Stiffness of cancer cells measured with an AFM indentation method.

The stiffness of cancer cells and its changes during metastasis are very important for understanding the pathophysiology of cancer cells and the mechanisms of metastasis of cancer. As the first step of the studies on the mechanics of cancer cells during metastasis, we determined the elasticity and stiffness of cancer cells with an indentation method using an atomic force microscope (AFM), and compared with those of normal cells. In most of the past AFM studies, Young׳s elastic moduli of cells have been calculated from force-indentation data using Hertzian model. As this model is based on several important assumptions including infinitesimal strain and Hooke׳s linear stress-strain law, in the exact sense it cannot be applied to cells that deform very largely and nonlinearly. To overcome this problem, we previously proposed an equation F=a[exp(bδ)-1] to describe relations between force (F) and indentation (δ), where a and b are parameters relating with cellular stiffness.

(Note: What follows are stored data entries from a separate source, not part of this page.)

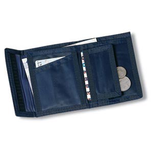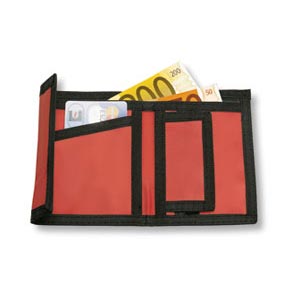 Bright coloured wallet with various compartments in 70D polyester with PVC backing.
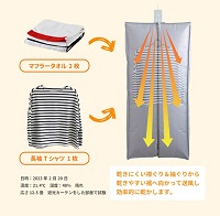 カバー内の限定した空間で効率良く乾燥するため、室内干しでは乾かすのに10時間ほどかかる衣類も1時間ほどで乾燥できる。数枚だけ乾かしたいときや、子供の体操服や制服など、急に洗濯が必要になったときに役立ちます。
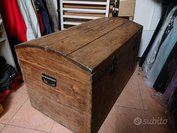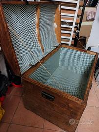 Baule in legno molto capiente ricoperto internamente il resto tutto originale ha un po di anni non so esattamente quanti ma in ottime condizioni e per chi ha taverna o camino e molto capiente e bello da vedere … misure L100P58xH60 no spedizione !

In the present study, we applied this method to cancer cells instead of Young׳s elastic modulus. The conclusions obtained are: 1) AFM indentation test data of cancer cells can be very well described by the above equation, 2) cancer cells are softer than normal cells, and 3) there are no significant locational differences in the stiffness of cancer cells between the central and the peripheral regions. These methods and results are useful for studying the mechanics of cancer cells and the mechanisms of metastasis.